The equation provided, \( h = -16t^2 + 60t + 30 \), is a quadratic equation that opens downward because the coefficient of \( t^2 \) is negative (-16). This means the maximum height of the ball will be at the vertex of the parabola.
Let's analyze the features of the given options:
- Direction of the Curve: The graph should open downward.
- Initial Height: When \( t = 0 \), \( h = 30 \). Therefore, the graph should pass through the point (0, 30).
- Graph Characteristics: Since \( h \) represents height, it cannot be negative; thus, we should consider the relevant points where \( h \) is at least 0.
Based on these characteristics, the correct graph should show a downward-opening curve that passes through (0, 30) and does not have any positive height values significantly below that.
Among the options provided, the only graph that fulfills these criteria is:
- The one that includes a solid curve that opens downward and goes through the points (0, 30).
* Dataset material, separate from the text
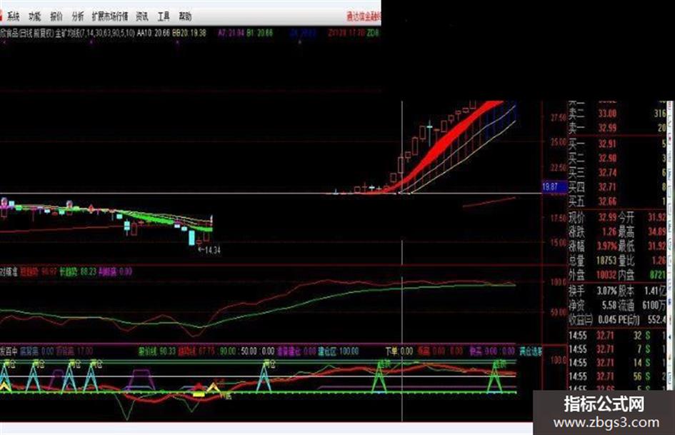 MA2:=EMA(C,2);MA5:=EMA(C,5);MA13:=EMA(C,13);MA30:=EMA(C,30);MA55:=EMA(C,55);YCX:=MA5>=REF(MA5,1);H1:=MAX(MAX(MA5,MA13),MA30);L1:=MIN(MIN(MA5,MA13),MA30);一阳穿三线:= H1<C AND O<L1 AND YCX AND MA2>REF(MA2,1);满仓选股:IF(一阳穿三线,88,0),COLORFFFF00,LINETHICK2;

Specifically, the correct answer would be:
The coordinate grid has t axis labeled from negative 5 to 5 and h axis labeled from negative 60 to 90 in intervals of 15. The graph of a solid curve opens downward and goes through the points left parenthesis negative 1 comma negative 46 right parenthesis; left parenthesis 0 comma 30 right parenthesis; left parenthesis 2 comma 86 right parenthesis; and left parenthesis 4 comma 14 right parenthesis. There is shading below the curve.
This description matches the features of the quadratic and its characteristics, specifically emphasizing that it correctly represents the physical situation described.